Been thinking for a while that i need a nano take so in the next few months i will be having a look.While i was at my lfs i did see one of these
http://cgi.ebay.co.uk/BETTA-LIFESPAC...21117001r31671
has any body seen one of these or used one and is there any better? thanks for the help guys

----------


## Timo

Not seen one of them. Stuff getting a nano get a proper tank  :Big Grin:

----------


## lost

I wish mate but i have not got the room :cry2: so a nano it will have to be, do you no of a good make? and please dont say red see.Have you seen the prices of them things :roflmao:

----------


## Timo

I have a m8 that's got two tanks for sale and they are very new and like brand new  :Big Grin: 

One Red Sea MAX 130 in black very little use but used. £300 ish he would like but could get him down a bit.

Also an Aqua Marine 900 again very little use but used in silver. I would go for this one over the max if you have room it comes with the marisys filter system so just add water like the red sea. He said he would like £300 but think I could get him down a lot on this because it not as well known and popular as the max.

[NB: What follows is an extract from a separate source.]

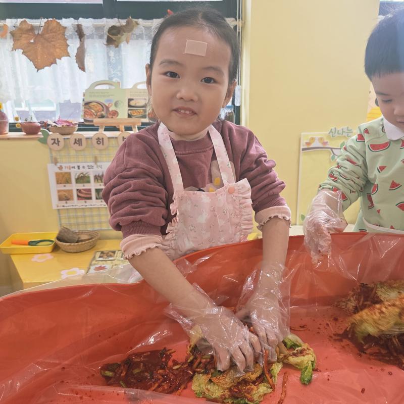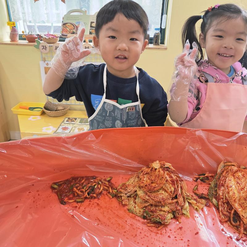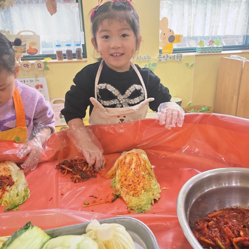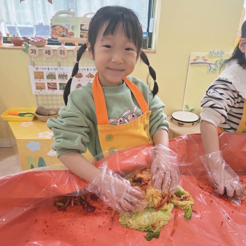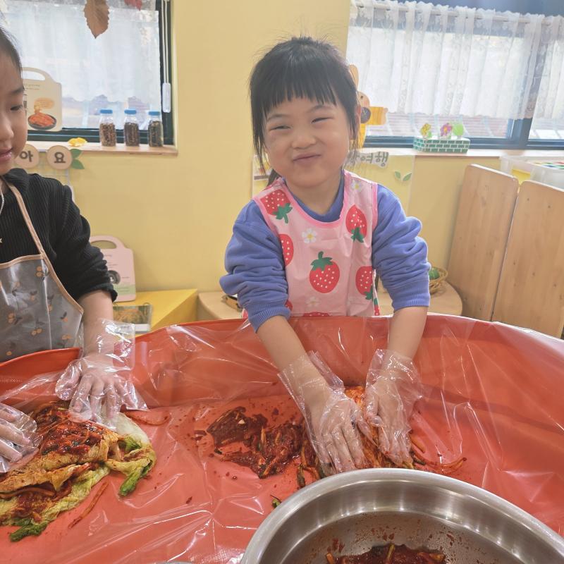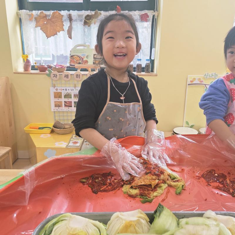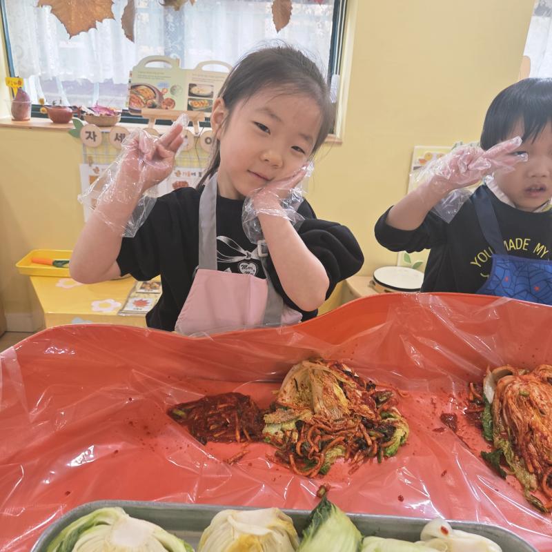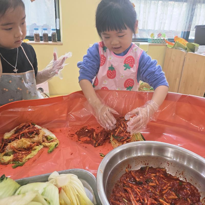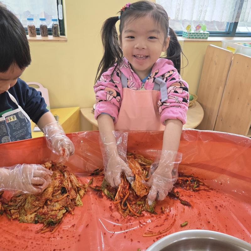 추운 겨울이 오기 전 다함께 도란도란 모여 겨울동안 먹을 수 있는 김장을 하며 따뜻한 마음을 나누는 축제의 날❄️☃️ 고사리 같은 귀여운 손으로 배춧잎을 마치 책장 넘기듯이 배추소를 쏘오옥 넣으며엄마 아빠가 된 든 정성껏 김장 담그는 모습에진지함이 느껴졌답니다. 평소 김치가 매워서 먹기 어려워했던 친구들도오늘은 용기를 내어 우리가 담근 김장 김치를 맛보며“맛있어요, 더 주세요” 하며 활짝 웃는 모습에 사랑스러움이 뿜뿜*^^*🌶️🧅🧄
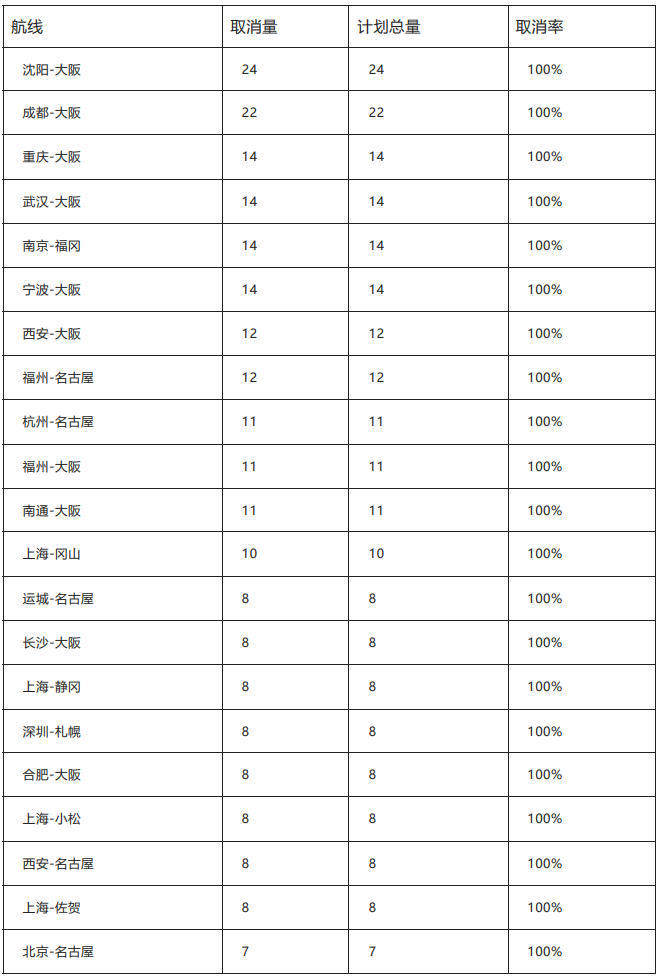 未来两周46条中日航线“零航班”

http://www.aquaone.co.uk/aquamarine_900.php

All currently empty and can arrange for them to be viewed. Location of tanks is near Binbrook in a garage. All complete with all running gear stands hoods as original. All marine versions.

----------


## lost

They sound just right mate i will do some reading and some  :hearts:  :kiss:  :roflmao: and will pm you as i say its not for a few months yet....i no binbrook well :Stick Out Tongue:

----------